Precise state and parameter estimations are essential for identification, analysis and control of vehicle engineering problems, especially under significant model and measurement uncertainties. The widely used filtering/estimation algorithms, such as Kalman series like Kalman filter, extended Kalman filter, unscented Kalman filter, and particle filter, generally aim to approach the true state/parameter distribution via iteratively updating the filter gain at each time step. However, the optimality of these filters would be deteriorated by unrealistic initial condition or significant model error. Alternatively, this paper proposes to approximate the optimal filter gain by considering the effect factors within infinite time horizon, on the basis of estimation-control duality. The proposed approximate optimal filter (AOF) problem is designed and subsequently solved by actor-critic reinforcement learning (RL) method. The AOF design transforms the traditional optimal filtering problem with the minimum expected mean square error into an optimal control problem with the minimum accumulated estimation error, in which the estimation error is used as the surrogate system state and the infinite-horizon filter gain is the control input. The estimation-control duality is proved to hold when certain conditions about initial vehicle state distributions and policy structure are maintained.
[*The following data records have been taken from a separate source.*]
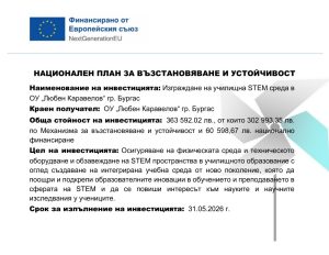 • ОУ “Любен Каравелов” гр.Бургас ще разполага с модерен СТЕМ кабинет съгласно Процедура № BG-RRP-1.015-1151,- “Училищна STEM среда” по Националния план за възстановяване и устойчивост на Република България, финансиран от Европейския съюз
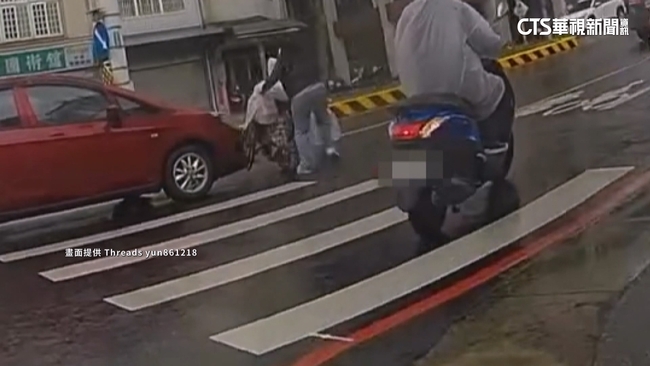 綠燈亮起,機車騎士們預備備向前衝,但忽有龐然大物擋住去路,蓋一紅色休旅車也,同一時間斑馬線上,一名女子正推著坐輪椅的民眾過馬路,沒想到休旅車駕駛竟沒禮讓,反而偷偷往前移動,女子發現連忙把輪椅往旁邊一挪,但已經來不及了。
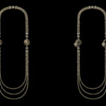 A partire dal Sautoir Lion Medaillon, un gioiello d’impronta Art Déco – un periodo artistico vissuto in prima persona dalla grande couturière. La lunga collana aperta è composta da due cordoncini simmetrici di fili d’oro giallo intrecciati, arricchiti da diamanti, boule d’onice sfaccettate a mano e tubicini in onice, oro e diamanti. Al centro spicca un medaglione con la testa del leone sempre in oro e diamanti, la cui costruzione ha rappresentato un’autentica sfida tecnica. È fatto di diversi componenti assemblati tra loro, ma non mostra alcuna vite né meccanismo. Rifinito da una fascia d’onice e da un giro di diamanti, rivela un piccolo quadrante sul lato posteriore. E nasconde in modo ingegnoso il sistema di rimessa all’ora, con un pulsantino invisibile a ore 6.
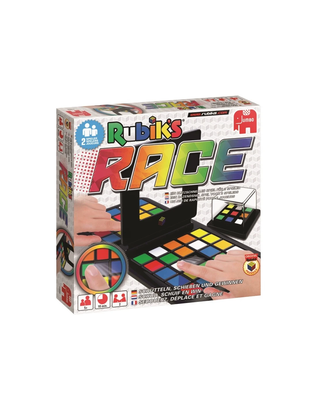 In this game players race to complete a puzzle. Each player has a 5×5 slide puzzle with one tile missing. At the beginning of each round, the “Scrambler”, a device that looks like a 3×3 Boggle grid with the cover on — but using colored cubes instead of letters — is shaken. Players then try to make the 3×3 center of their puzzle match the Scrambler.
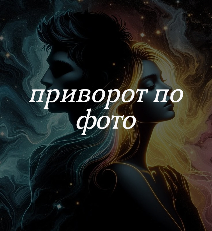 На изображении представлены тени двух людей, профиль которых выполнен в темных оттенках с плавными, космическими переходами, создающими ощущение загадочности и магии. Фоны разделены: с одной стороны присутствуют тёмно-синий и чёрный цвета, а с другой – тёплые жёлтые и оранжевые оттенки. Это создает контраст, указывая на символическое противостояние или гармонию между двумя противоречивыми элементами. Линии и текстуры фона напоминают движения энергии, и имеются звёздные вкрапления, придающие изображениям элемент космоса и бесконечности. Композиция изображения сосредоточена на профилях, создавая ощущение баланса и симметрии. В центре размещён текст на русском языке, указывающий на возможную тематику изображения – действие, связанное с магией, а именно "приворот по фотографии". Светлая и тёмная стороны фона сопоставляются, возможно, символизируя два противоположных мира или состояния. Атмосфера таинственная и романтично-мистическая, усиливая ощущение магического ритуала или мистического действия.
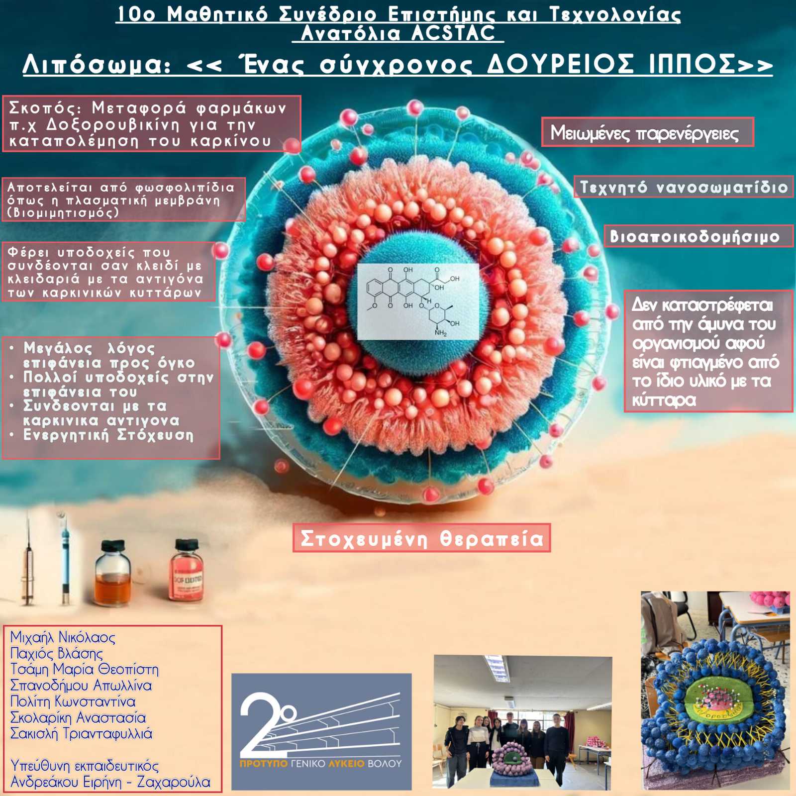 Όπως αναφέρουν στο «EY ZHN» οι ίδιοι μαθητές και οι μαθήτριες, «η εργασία μας επικεντρώνεται στην ενημέρωση και παρουσίαση μιας καινοτόμου θεραπευτικής μεθόδου για τον καρκίνο, που αποτελεί πρόσφατη επιστημονική ανακάλυψη. Στόχος μας ήταν να μελετήσουμε και να κατανοήσουμε τον τρόπο δράσης των λιποσωμάτων, τον πιο επιτυχημένο νανομεταφορέα φαρμάκων. Μέσω της μοντελοποίησης με απλά υλικά προσπαθήσαμε να οπτικοποιήσουμε τη δομή και λειτουργία του λιποσώματος, ενός νανοσωματιδίου μη ορατό με γυμνό μάτι.
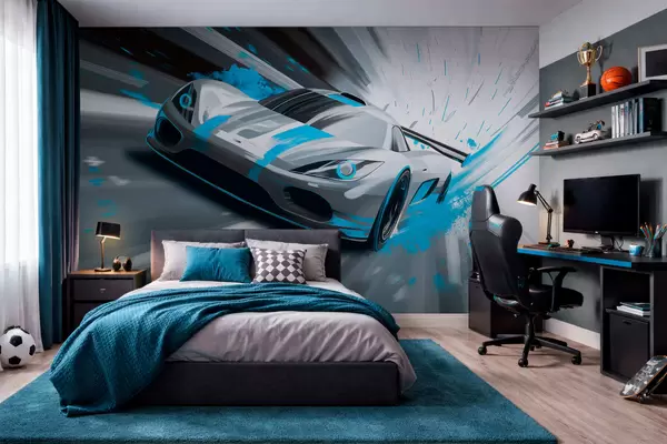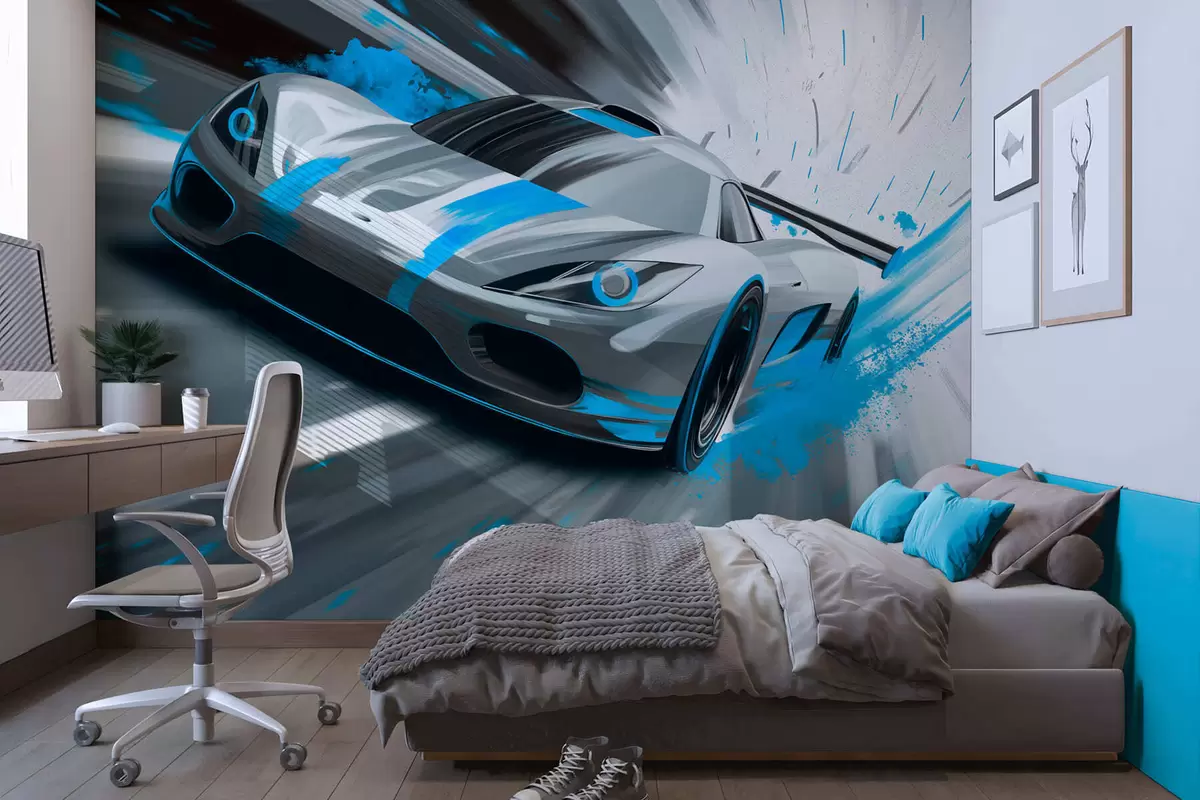 Wall murals dynamic sports car in digital drawing style with turquoise accents Nr. w05069v3

In order to evaluate of the effectiveness of AOF, a vehicle state estimation problem is then demonstrated and compared with the steady-state Kalman filter. The results showed that the obtained filter policy via RL with different discount factors can converge to theoretical optimal gain with an error within 5%, and the average estimation errors of vehicle slip angle and yaw rate are less than 1.5 × 10–4.

查看原文
分享 分享
微信好友 朋友圈 QQ好友 复制链接
本刊更多论文
基于Actor-Critic强化学习的车辆系统近似最优滤波器设计
精确的状态和参数估计对于车辆工程问题的识别、分析和控制至关重要,特别是在模型和测量存在重大不确定性的情况下。目前广泛使用的滤波/估计算法,如卡尔曼滤波、扩展卡尔曼滤波、无气味卡尔曼滤波和粒子滤波等卡尔曼级数算法,一般都是通过在每个时间步迭代更新滤波器增益来接近真实状态/参数分布。然而,这些滤波器的最优性会因不现实的初始条件或显著的模型误差而降低。或者,本文提出在估计-控制对偶性的基础上,通过考虑无限时间范围内的影响因素来近似最优滤波器增益。设计了近似最优滤波器(AOF)问题,并采用行为-评价强化学习(RL)方法进行求解。AOF设计将传统的期望均方误差最小的最优滤波问题转化为累积估计误差最小的最优控制问题,其中估计误差作为系统状态的代理,无限水平滤波器增益作为控制输入。证明了当初始车辆状态分布和策略结构保持一定条件时,估计-控制对偶性成立。为了评价AOF算法的有效性,给出了一个车辆状态估计问题,并与稳态卡尔曼滤波进行了比较。结果表明,采用不同折现因子的RL得到的滤波策略均能收敛到理论最优增益,误差在5%以内,车辆偏转角和横摆角速度的平均估计误差小于1.5 × 10-4。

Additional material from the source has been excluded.